Le chanteur et auteur-compositeur jamaïcain Buju Banton n’a pas sorti un album studio depuis près de dix années, depuis son fameux Before the Dawn qui lui avait permis de gagner le Grammy Award du Meilleur Album Reggae de 2011 (Grammy Award for Best Reggae Album 2011). Il semblerait bien que cette année 2020 soit l’année de son grand retour sur le devant de la scène reggae-dancehall. En novembre 2019, l’artiste propose le titre Trust ; en janvier 2020, Murda She Wrote, qui se trouve dans la bande-annonce officielle du film Bad Boys for Life ; en avril, Ganja Man.
En ce mois de mai 2020, Buju Banton s’associe cette fois au chanteur, musicien et acteur états-unien John Legend pour composer le titre Memories. Les deux interprètes n’en sont pas à leur première collaboration musicale : Buju Banton figure en effet dans la liste des artistes invités sur le troisième album studio de John Legend, Evolver, un opus paru en 2008. Ils chantent alors ensemble le morceau aux sonorités reggae intitulé Can’t Be My Lover[1].
Douze années séparent donc Can’t Be My Lover de Memories, mais cette deuxième collaboration offre également le meilleur des deux univers musicaux de Buju Banton et John Legend. L’harmonie recréée ici est rendue possible grâce aux choix créatifs opérés pour ce titre, à la fois en termes de rythmiques et de lyrisme.
Des sonorités singulières
Dès les premières notes de Memories se dévoilent des rythmiques particulièrement reggae. L’intrumentale laisse entendre les percussions familières de ce genre musical, auxquelles se mêlent une guitare basse bien présente ainsi qu’un clavier plus subtil. Ces spécificités permettent à chaque chanteur d’avoir son moment fort, de démontrer son talent artistique et son charisme sur l’ambiance qui lui convient le mieux.

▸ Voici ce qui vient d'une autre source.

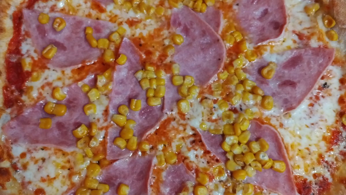 paradicsomszósz, mozzarella sajt, sonka, kukorica, ananász
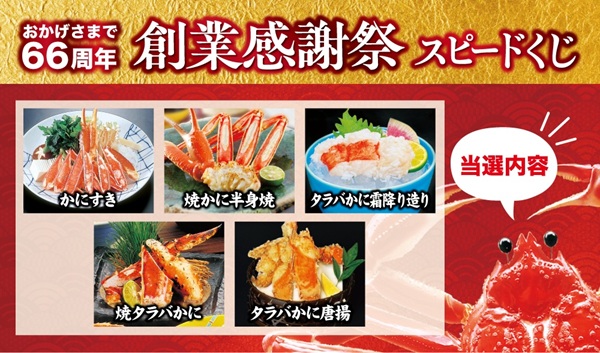 「かに道楽」西日本地区限定で創業感謝祭を2日間開催。ハズレなしのスピードくじは要チェック!
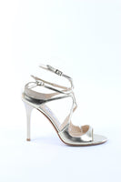 Jimmy Choo Gold Lance Leather Sandals. Gold. Buckle fastening - Side. Comes with - dustbag. EU 38 (UK 5, US 8). Insole: 10 in. Heel Height: 4.5 in.
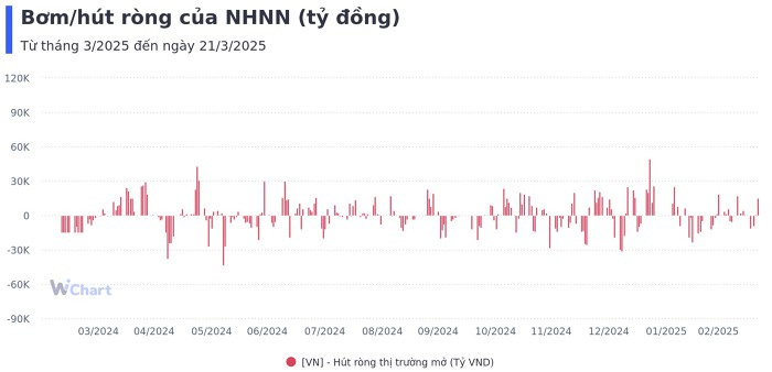 Trong tuần 17/3-21/3, Ngân hàng Nhà nước đã hút ròng 5.409 tỷ đồng trên thị trường liên ngân hàng khi lượng lớn giấy tờ có giá đáo hạn.
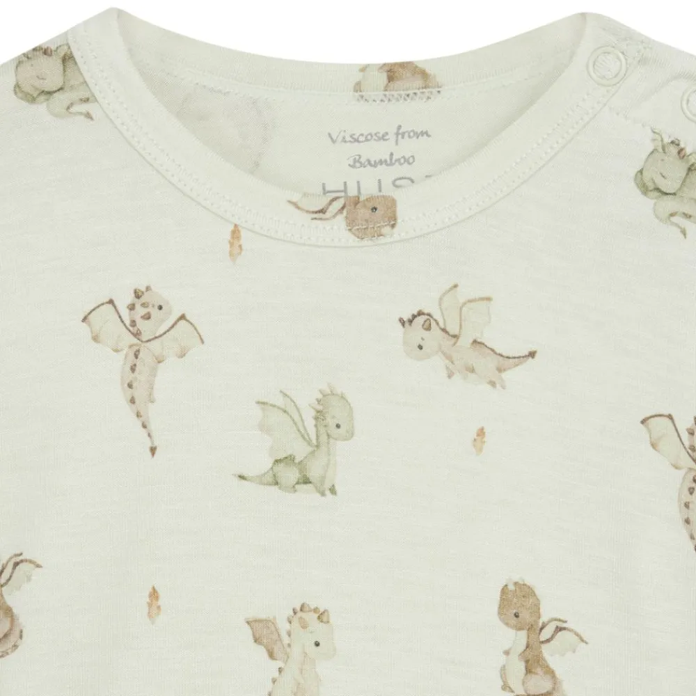 Langermet body i myk og tøyelig bambusviskose med dino print. Den praktiske kneppingen på venstre skulder og mellom bena gjør av- og påkledning enkel. Perfekt for sart hud, takket være pustende og temperaturregulerende bambusfiber.
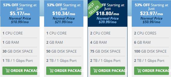 Hostwinds美国VPS主机产品在国内还是很少欢迎的,主要是由于采用固态硬盘、性能比较好,而且租用价格也不贵,多种方案可供选择。目前Hostwinds全托管(拥有完全权限)的美国VPS主机共有四种方案,最低价格5.17美元/月(Linux操作系统),详细的方案配置如下:
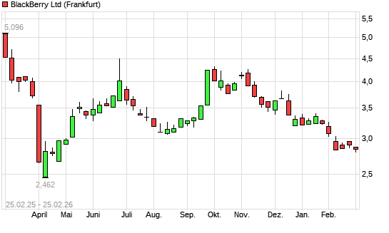 Mit dem Rücksetzer auf 2,80 EUR hat die Blackberry-Aktie (ISIN CA09228F1036) am 24.02.2026 ein neues 6-Monats-Tief erreicht und damit den Kurs vom 06.02.2026 ...weiterlesen

Ainsi, si Buju Banton introduit le morceau, John Legend est celui que l’on entend le plus lors du premier tiers de la chanson. Il utilise la partie résonnante de sa gamme vocale pour une entrée en matière très fluide, assez sexy et charmeuse. Le chanteur, habitué à ce type de démonstrations, use en outre de sa voix de fausset (son falsetto) sur la dernière syllabe du mot “memories” dans le refrain. Il choisit de la sorte d’employer l’entièreté de sa puissance vocale sur Memories, de quoi ravir son auditoire.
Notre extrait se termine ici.